─── Extracted material ───

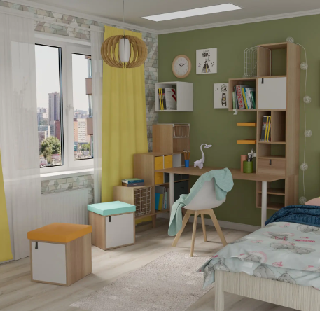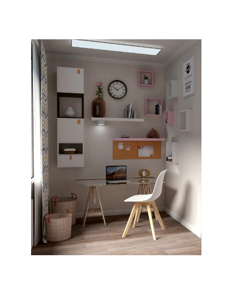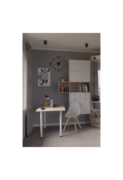 Выполнен из плит ДСП толщиной 16 мм. Материал отличается высокой прочностью и безопасностью: уровень выделения формальдегида соответствует классу Е1, поэтому продукт можно использовать без ограничений. Для придания визуальной привлекательности каркас покрыт декоративным листом с гладкой поверхностью.
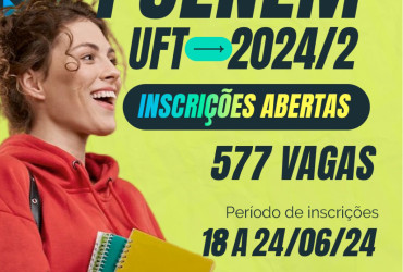 O novo processo seletivo da Universidade Federal do Tocantins (UFT), o PSEnem visa selecionar 577 candidatos, distribuídos em 29 cursos, dos cinco Câmpus da UFT, por meio das notas do Enem. As inscrições começam na terça-feira, 18, e seguem até o dia 24 de junho. A previsão de entrada é no segundo semestre de 2024, no mês de agosto.
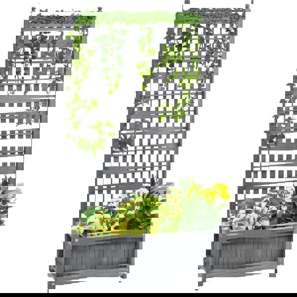 A two-in-one design, in its most simple form. Merging together a planting box and back trellis, you can grow climbing plants, flowers, vegetables and more together. Made from wood, the structure is strong
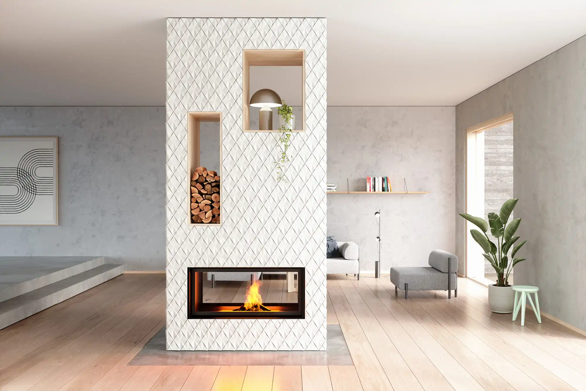 Strahlungswärme, niedrige Betriebskosten und langlebige Qualität. Oberfläche nach Wunsch: Kachel, Putz oder Naturstein – perfekt abgestimmt auf Architektur und Möblierung.
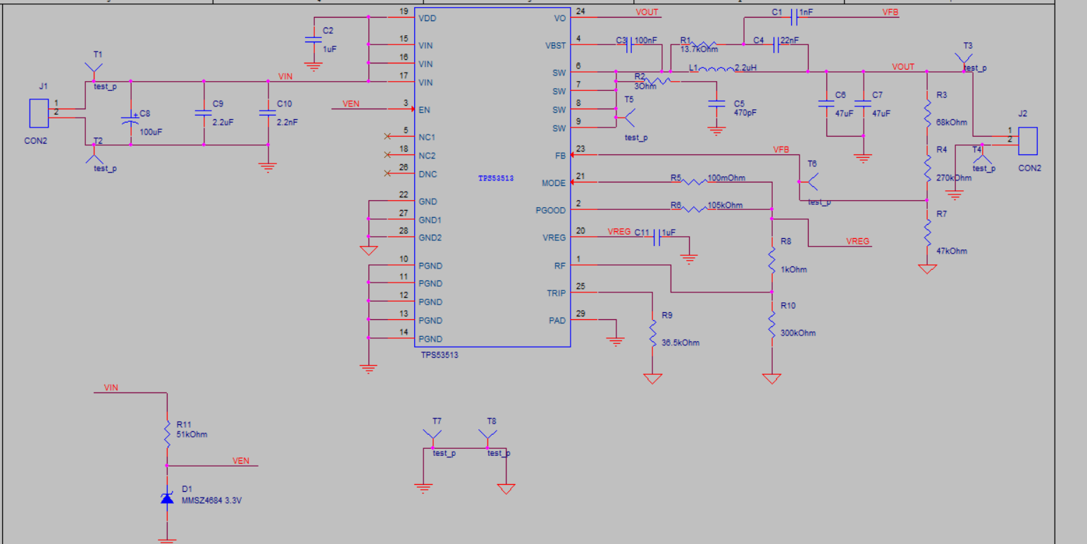 原理图如上所示,设计输入最高电压是18V,输出最大电流5A,输出电压5V。
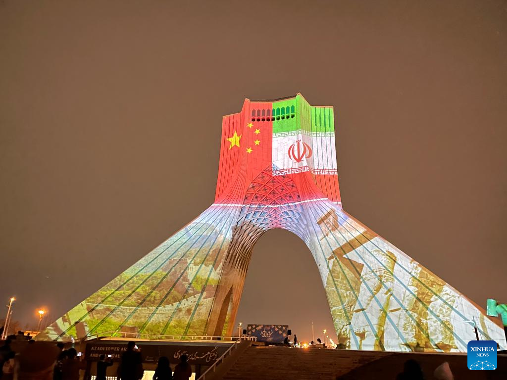 TEHRAN, Jan. 31 (Xinhua) -- The iconic Azadi Tower in Tehran, Iran's capital, flashed red on Monday, a color associated with good luck and happiness in China, to mark the Chinese Lunar New Year, or Spring Festival, which falls on Feb. 1 this year.
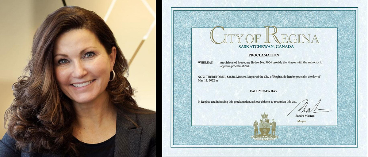 二零二二年五月十三日,里贾纳市长桑德拉‧马斯特斯(Sandra Masters)宣布褒奖法轮大法,并宣布二零二二年五月十三日为里贾纳市法轮大法日。

───

Task to carry out:
Give the records a second time exactly, keeping the images out.

Result for this task:
 Выполнен из плит ДСП толщиной 16 мм. Материал отличается высокой прочностью и безопасностью: уровень выделения формальдегида соответствует классу Е1, поэтому продукт можно использовать без ограничений. Для придания визуальной привлекательности каркас покрыт декоративным листом с гладкой поверхностью.
 O novo processo seletivo da Universidade Federal do Tocantins (UFT), o PSEnem visa selecionar 577 candidatos, distribuídos em 29 cursos, dos cinco Câmpus da UFT, por meio das notas do Enem. As inscrições começam na terça-feira, 18, e seguem até o dia 24 de junho. A previsão de entrada é no segundo semestre de 2024, no mês de agosto.
 A two-in-one design, in its most simple form. Merging together a planting box and back trellis, you can grow climbing plants, flowers, vegetables and more together. Made from wood, the structure is strong
 Strahlungswärme, niedrige Betriebskosten und langlebige Qualität. Oberfläche nach Wunsch: Kachel, Putz oder Naturstein – perfekt abgestimmt auf Architektur und Möblierung.
 原理图如上所示,设计输入最高电压是18V,输出最大电流5A,输出电压5V。
 TEHRAN, Jan. 31 (Xinhua) -- The iconic Azadi Tower in Tehran, Iran's capital, flashed red on Monday, a color associated with good luck and happiness in China, to mark the Chinese Lunar New Year, or Spring Festival, which falls on Feb. 1 this year.
 二零二二年五月十三日,里贾纳市长桑德拉‧马斯特斯(Sandra Masters)宣布褒奖法轮大法,并宣布二零二二年五月十三日为里贾纳市法轮大法日。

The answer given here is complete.